I've always wondered what the benefits are from making money off of a fad. Is it worth it to make money while you can even though you know people will just move onto the next thing? Will the developer of Farmville eventually focus its energy on creating the next popular Facebook game? I guess this really shows just how popular Facebook is that games like this can generate serious revenue.
ReplyDeleteIf you can ride a wave of making fads -- which are enormously popular because they spring up from generally "new" stuff -- you stand to make a pretty penny. However, especially when it comes to Internet ventures (though it applies to everything) the problem is that if you're the first to do something, while you enjoy some nice success, someone else can see what your weaker areas are. Then they copy what you're doing, but improve those areas, and suddenly you're wondering how you went from #1 to #3 or #4 (like what Facebook did to Myspace).
ReplyDeleteAlso, not really related, but I thought this was awesome. Apparently Farmville helped generate money for Haitian kids by having a product that, when a player bought it, some proceeds would go towards anti-poverty efforts.
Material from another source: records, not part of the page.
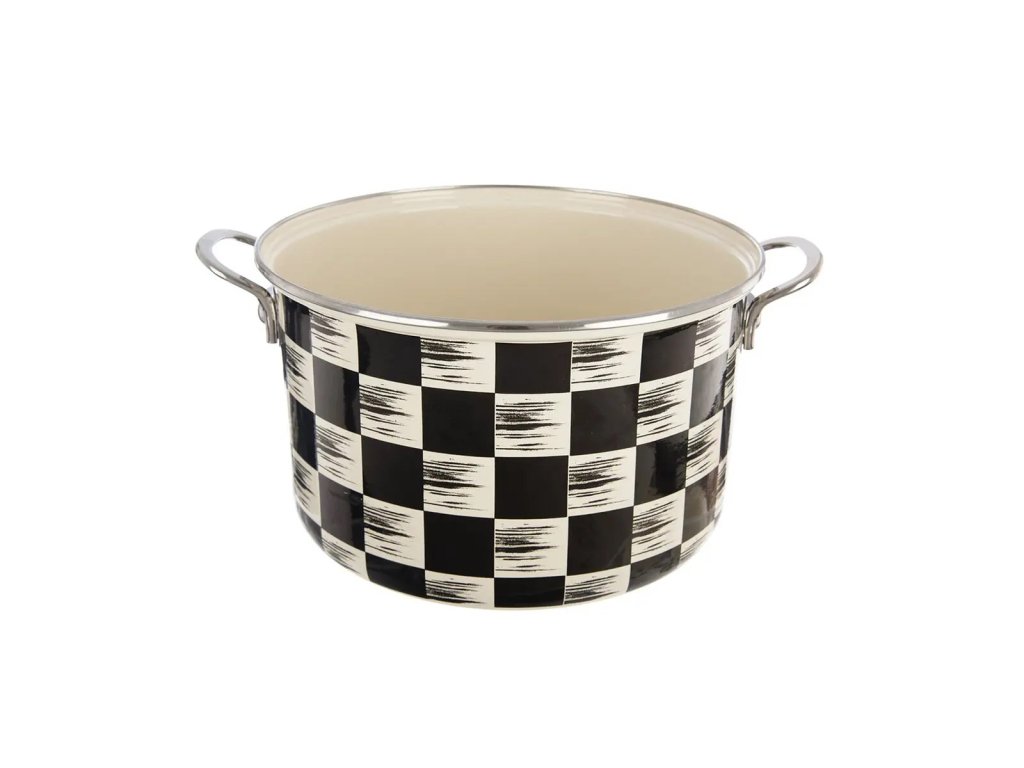 Hrnec **Orion ŠACHOVNICE** s velkou kapacitou **6,5 litru** je navržen pro velké rodinné obědy, večeře, vaření vývarů nebo přípravu jídla do zásoby. Spojuje originální a oblíbený černobílý šachovnicový dekor s osvědčenou kvalitou a hygienou tradičního smaltu. Tato velikost je ideální pro vaření **velkého množství polévek, gulášů, omáček** nebo pro vaření těstovin či brambor.
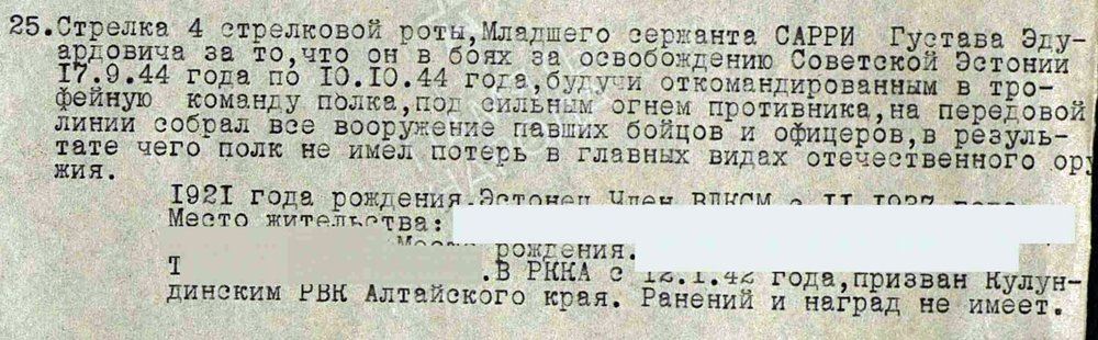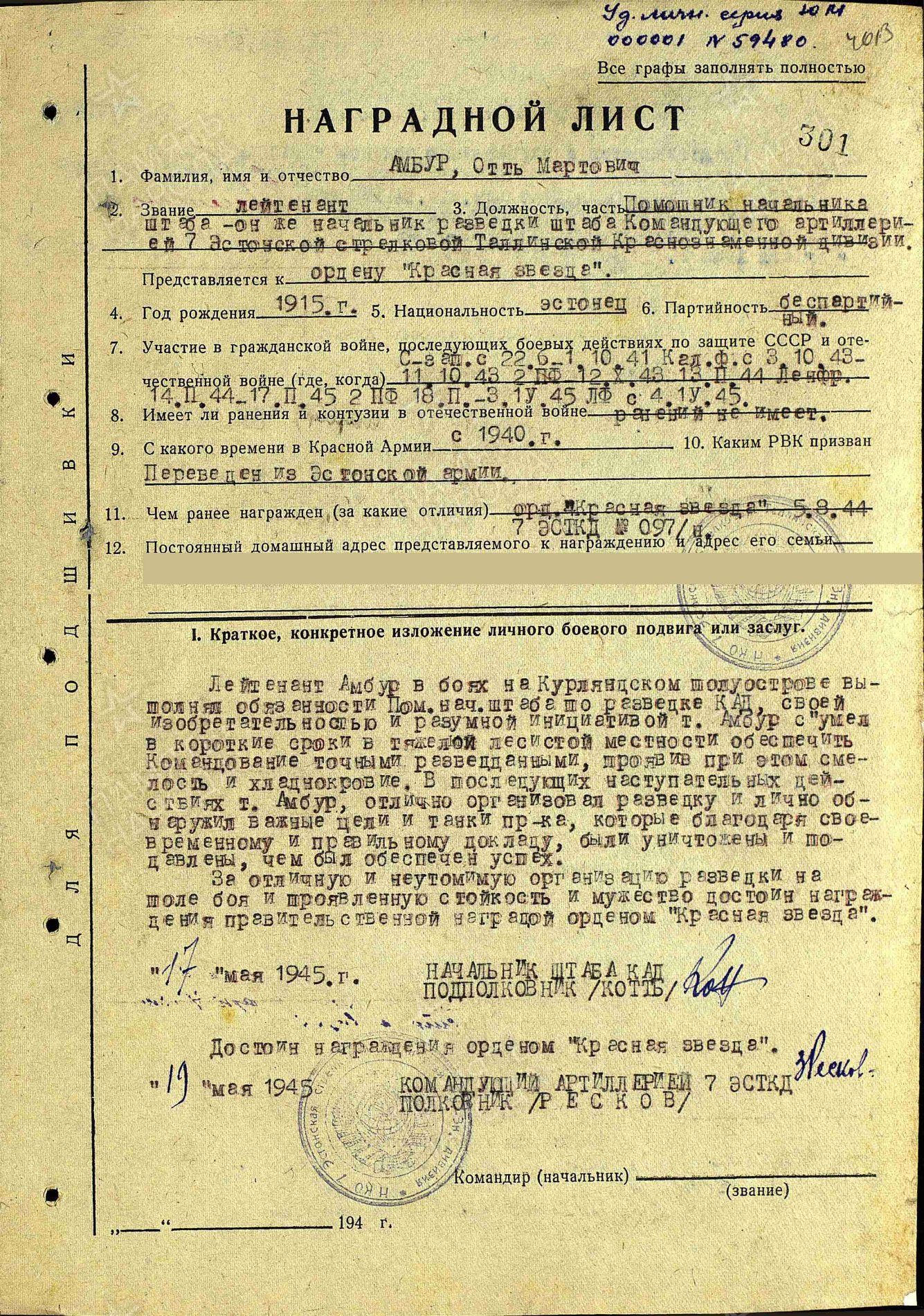 7. laskurdiviisi staabiülema abi- diviisi suurtükiväeülema staabi luureülem leitnant Ott Ambur, Punatähe ordeni nr. 843642 ja Isamaasõja II klassi ordeni nr. 428777 kavaler.
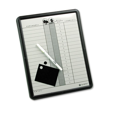 Keep your office organized and on track with this multifunctional board. Track in/out status, time of return or jot notes for up to 18 employees. Gray magnetic Duramax® porcelain surface will not scratch, dent, stain or ghost. Plastic, lightweight frame. Includes a Quartet® water-soluble marker and black magnetic in/out circles. Board Type: Employee In/Out; Board Width: 11"; Board Height: 14".
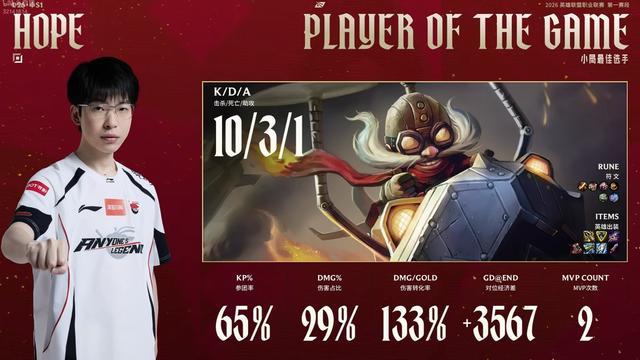 本局MVP给到团战发挥出色的下路Hope的飞机。本场比赛的MVP给到中单Shanks。
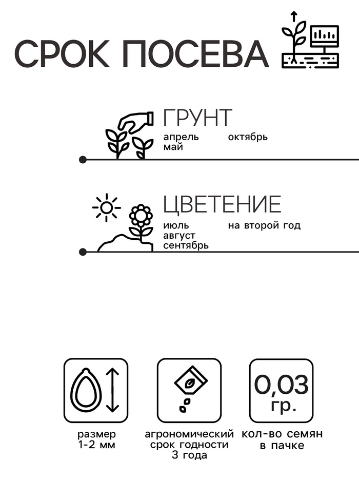 Выращивают рассадным способом или прямым посевом в открытый грунт рано весной или под зиму, в конце октября. При весеннем посеве и температуре почвы 15°C всходы появляются через 2-3 недели. Сеянцы зацветают на второй год.
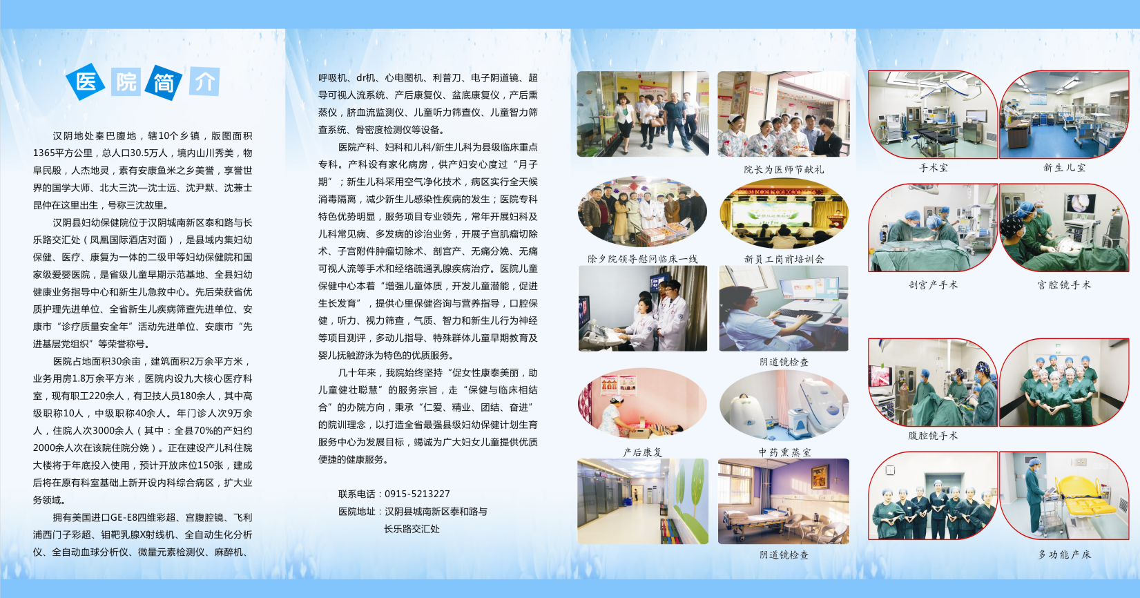 擁有美國進口GE-E8四維彩超、宮腹腔鏡、飛利浦西門子彩超、鉬靶乳腺X射線機、全自動生化分析儀等診療設(shè)備。內(nèi)設(shè)九大核心科室,現(xiàn)有職工220余人,有衛(wèi)技人員180余人,其中高級職稱10人,中級職稱40余人。年門診人次9萬余人,住院人次3000余人,綜合實力位居全省縣級婦幼保健院前例。
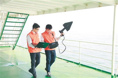 运营商工作人员在跨琼州海峡轮渡上测试优化网络。
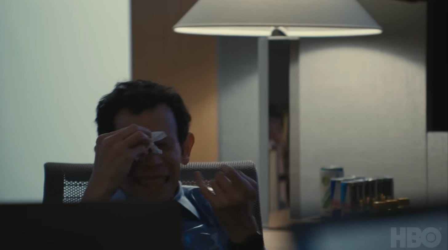 “America Decides” is many things—a stellar hour of TV; the third-to-last-episode of Succession ever; a brutal reminder that all of these people are actually evil—but, if it is anything, it is The Wasabi Scene, in which Decision Desk guy Darwin is attacked by Greg with both wasabi and a lemony La Croix right in his eyeballs. “Wasabi straight into my corneas” is actually a pretty good metaphor for this episode: scalding, painful, and very, very spicy.
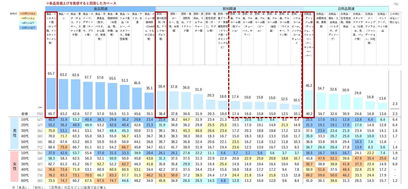 続いて値上げを実感する品目の中でも食品/飲料/日用品を抜粋して詳細を確認しました。
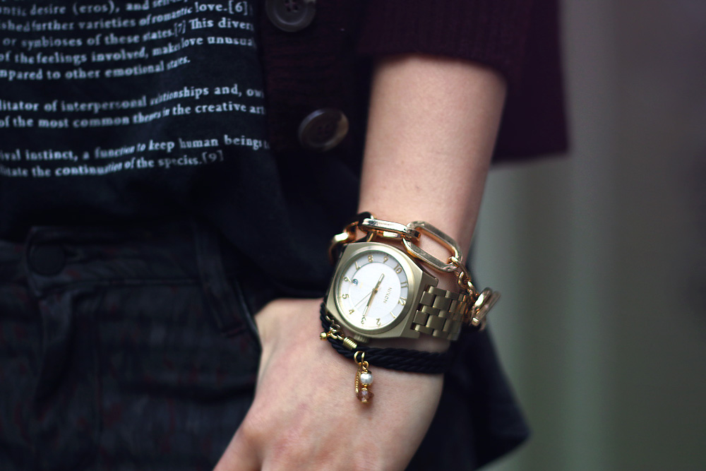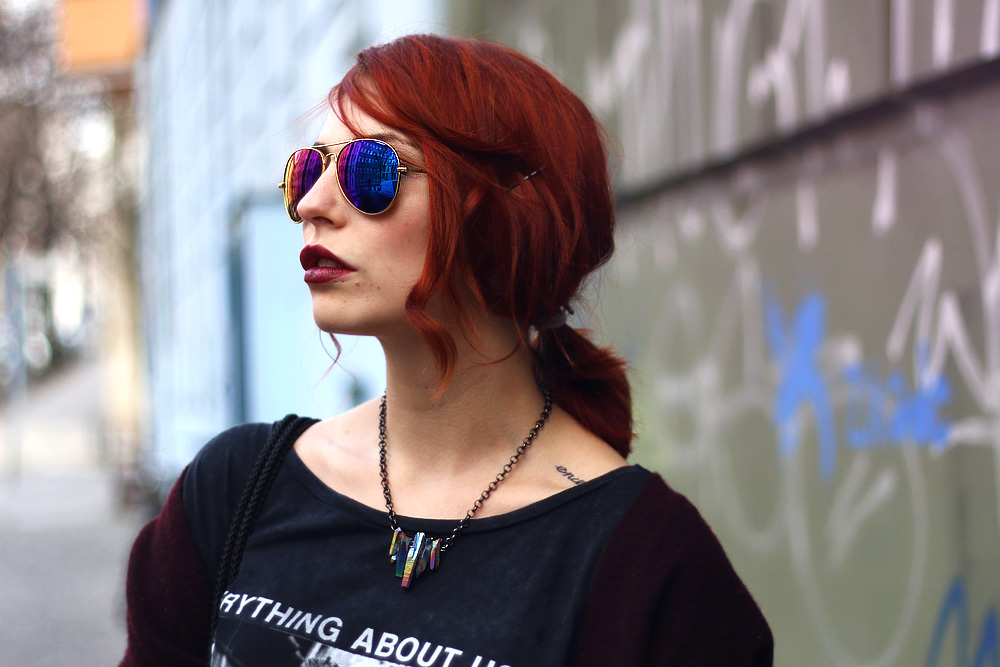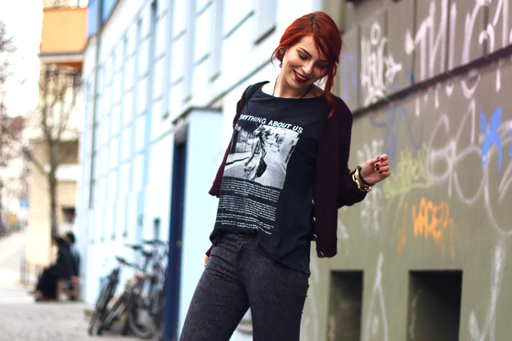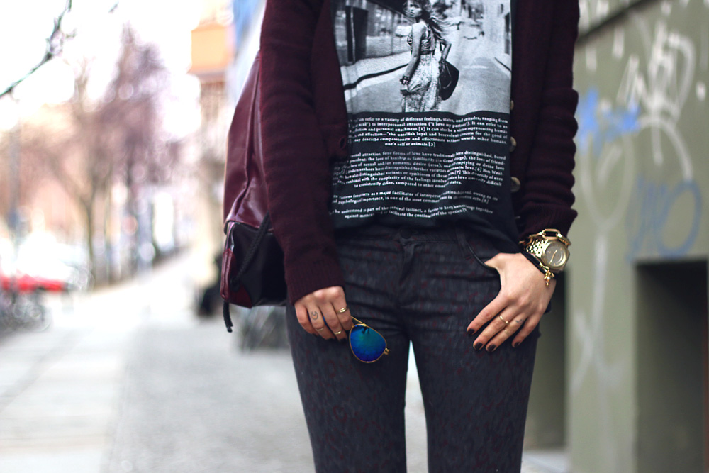 Obwohl der Look nicht schwarz ist (nein, auch das Tshirt ist dunkelgrau!) finde ich ihn trotzdem richtig, richtig cool und habe mich unheimlich wohl darin gefühlt. Die Hose hat ein interessantes Muster, ein bisschen wie Leopardenpunkte-Pinselstriche in bordeaux und so grau/khaki. Ich habe anfangs nicht so recht gewusst, wie ich sie kombinieren sollte und tat es am Ende so, wie ich Jeans am liebsten kombiniere – mit einem runtergerockten, ausgewaschenem und zu großem Tshirt – das geht nämlich immer! Dazu ein Cardigan (schliesslich haben wir noch keinen Sommer!), etwas derbere Pumps (oder sind das eher Boots? Keine Ahnung!) und die Tasche bzw. der Lederbeutel, der auch nicht zu schick aussieht, sondern eher lässig von der Schulter baumelt. Was man leider auf den Fotos nicht so gut erkennen kann, ist, wie cool er in einem Oil slick schimmert, passend zu meiner Kette und Brille, die dem ganzen Look noch mal ein bisschen das Frühlingshafte geben, oder ist euch der Look doch zu herbstlich?
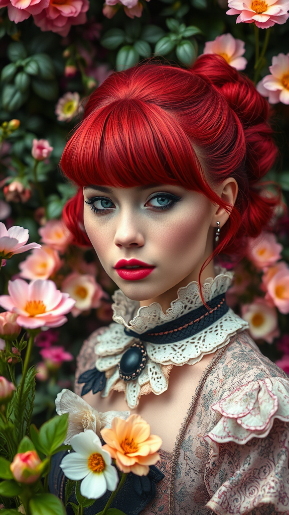 A captivating portrait of a Victorian 80s punk woman with vibrant red hair, surrounded by a gentle splash of pastel colors. She is set against a lush backdrop filled with a variety of plants and blooming flowers. The atmosphere combines a sense of rebellion and elegance, with intricate details reminiscent of Tom Bagshaw's style. Her attire blends Victorian elements with punk influences, creating a unique contrast highlighted by the colorful floral surroundings. The overall visual is striking, merging historical richness with a daring modern twist.
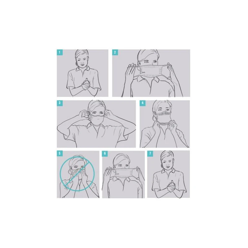 Die Maske ist wiederverwendbar, sie muss bei 60C gewaschen werden – (dann sind die Viren beseitigt), nicht im Tumbler trocknen und nicht Bügeln

Pretty cool.
Speaking of riding the wave, I believe Farm Town came first, but everyone deemed Farmville better.
ReplyDeleteAlso, I don't play FB games much either, so this is a mighty exception. My favorite game for the longest time is definitely Harvest Moon (especially for Playstation) though, so it was a given I'd play this.
It's funny, I know a lot of people that played WoW and also played this (a couple actually using it to ween off of WoW), maybe because of the sense of progression you were talking about.